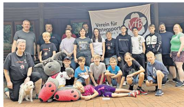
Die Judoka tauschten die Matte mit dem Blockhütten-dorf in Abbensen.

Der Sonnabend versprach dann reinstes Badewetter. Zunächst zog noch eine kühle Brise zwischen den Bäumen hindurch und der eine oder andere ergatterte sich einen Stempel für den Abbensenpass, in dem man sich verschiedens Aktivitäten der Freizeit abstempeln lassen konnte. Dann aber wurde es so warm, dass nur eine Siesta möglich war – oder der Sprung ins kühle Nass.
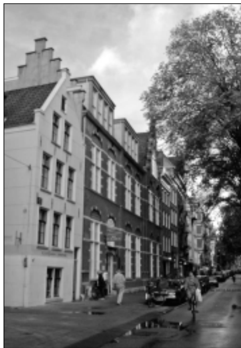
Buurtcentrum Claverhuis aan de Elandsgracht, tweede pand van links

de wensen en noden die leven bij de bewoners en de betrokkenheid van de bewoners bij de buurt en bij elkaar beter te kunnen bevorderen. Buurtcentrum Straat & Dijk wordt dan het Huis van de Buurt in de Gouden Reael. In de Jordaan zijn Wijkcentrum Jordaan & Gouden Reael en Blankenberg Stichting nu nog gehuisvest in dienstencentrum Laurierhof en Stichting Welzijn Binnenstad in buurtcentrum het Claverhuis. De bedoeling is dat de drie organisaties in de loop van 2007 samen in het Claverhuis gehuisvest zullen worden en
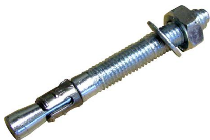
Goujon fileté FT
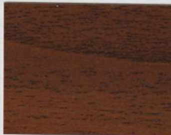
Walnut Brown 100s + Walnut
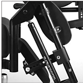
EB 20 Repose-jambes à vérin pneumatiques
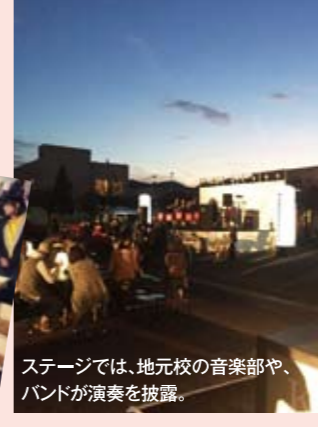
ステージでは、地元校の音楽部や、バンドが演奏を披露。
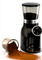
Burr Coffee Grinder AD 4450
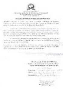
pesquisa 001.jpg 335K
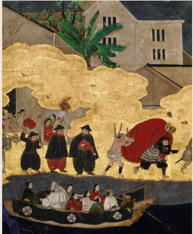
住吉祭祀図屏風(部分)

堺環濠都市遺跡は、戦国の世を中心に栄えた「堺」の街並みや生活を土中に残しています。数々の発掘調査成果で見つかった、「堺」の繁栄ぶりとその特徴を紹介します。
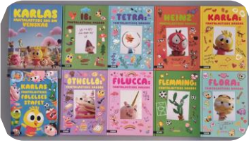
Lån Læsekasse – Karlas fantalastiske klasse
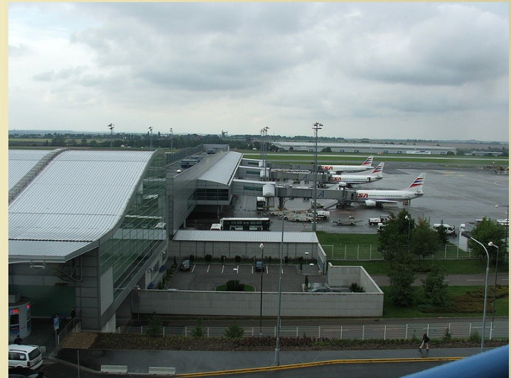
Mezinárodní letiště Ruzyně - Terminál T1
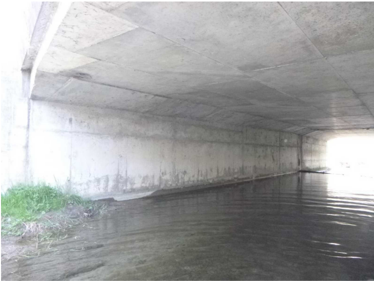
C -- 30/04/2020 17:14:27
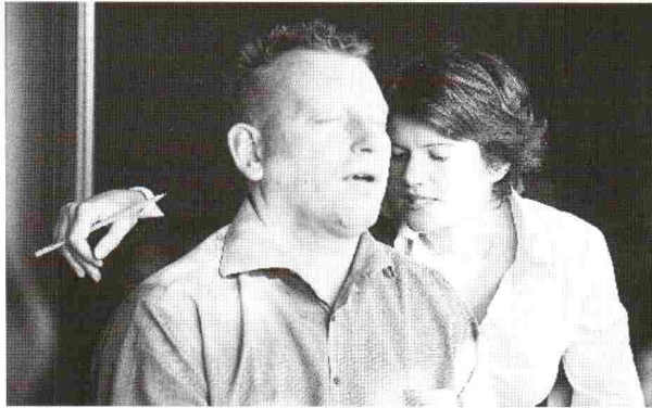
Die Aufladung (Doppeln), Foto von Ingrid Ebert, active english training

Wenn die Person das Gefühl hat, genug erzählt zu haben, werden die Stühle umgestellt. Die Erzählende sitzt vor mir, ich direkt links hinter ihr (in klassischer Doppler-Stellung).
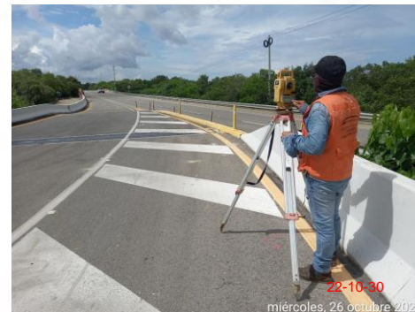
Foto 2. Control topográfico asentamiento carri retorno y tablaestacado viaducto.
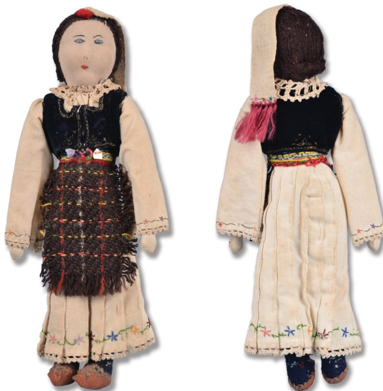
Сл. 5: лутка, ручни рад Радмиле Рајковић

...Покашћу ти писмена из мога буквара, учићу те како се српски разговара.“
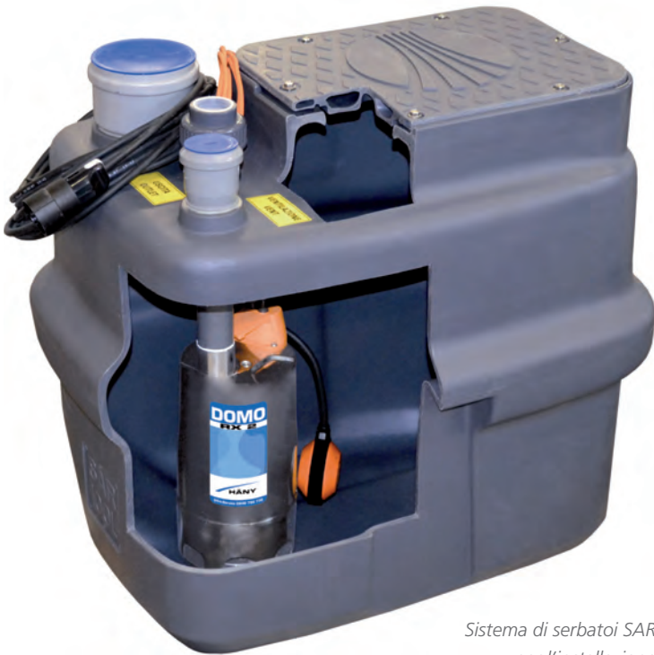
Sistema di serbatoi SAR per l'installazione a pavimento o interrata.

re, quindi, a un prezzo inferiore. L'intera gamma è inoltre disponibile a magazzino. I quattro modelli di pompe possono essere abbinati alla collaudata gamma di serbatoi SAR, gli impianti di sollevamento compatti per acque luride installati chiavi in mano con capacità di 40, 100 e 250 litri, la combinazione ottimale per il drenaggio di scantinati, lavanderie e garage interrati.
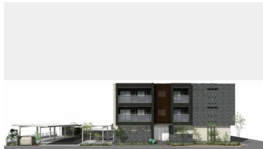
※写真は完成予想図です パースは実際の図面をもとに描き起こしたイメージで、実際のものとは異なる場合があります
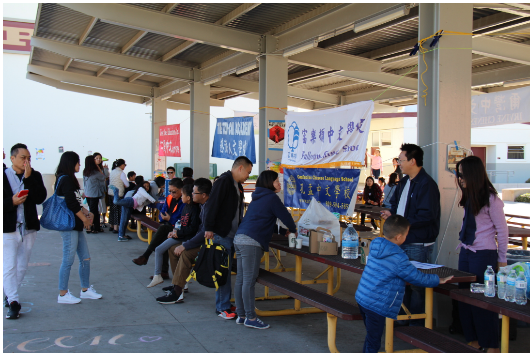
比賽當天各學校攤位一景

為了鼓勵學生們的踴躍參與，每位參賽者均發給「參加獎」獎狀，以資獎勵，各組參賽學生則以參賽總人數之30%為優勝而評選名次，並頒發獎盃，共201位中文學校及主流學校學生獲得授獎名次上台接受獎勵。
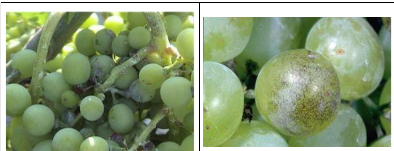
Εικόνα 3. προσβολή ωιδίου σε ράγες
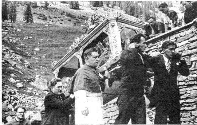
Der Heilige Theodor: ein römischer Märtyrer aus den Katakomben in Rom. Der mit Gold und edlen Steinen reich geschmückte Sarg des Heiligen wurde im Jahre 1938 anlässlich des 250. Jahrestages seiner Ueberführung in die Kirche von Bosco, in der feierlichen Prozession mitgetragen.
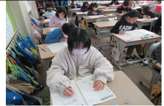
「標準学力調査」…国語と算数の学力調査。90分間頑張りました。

....................

- _Problem description_
Determine how many lines contain the string "Buurtcentrum" in the listing, and state that number by itself.

- _Task solution_
2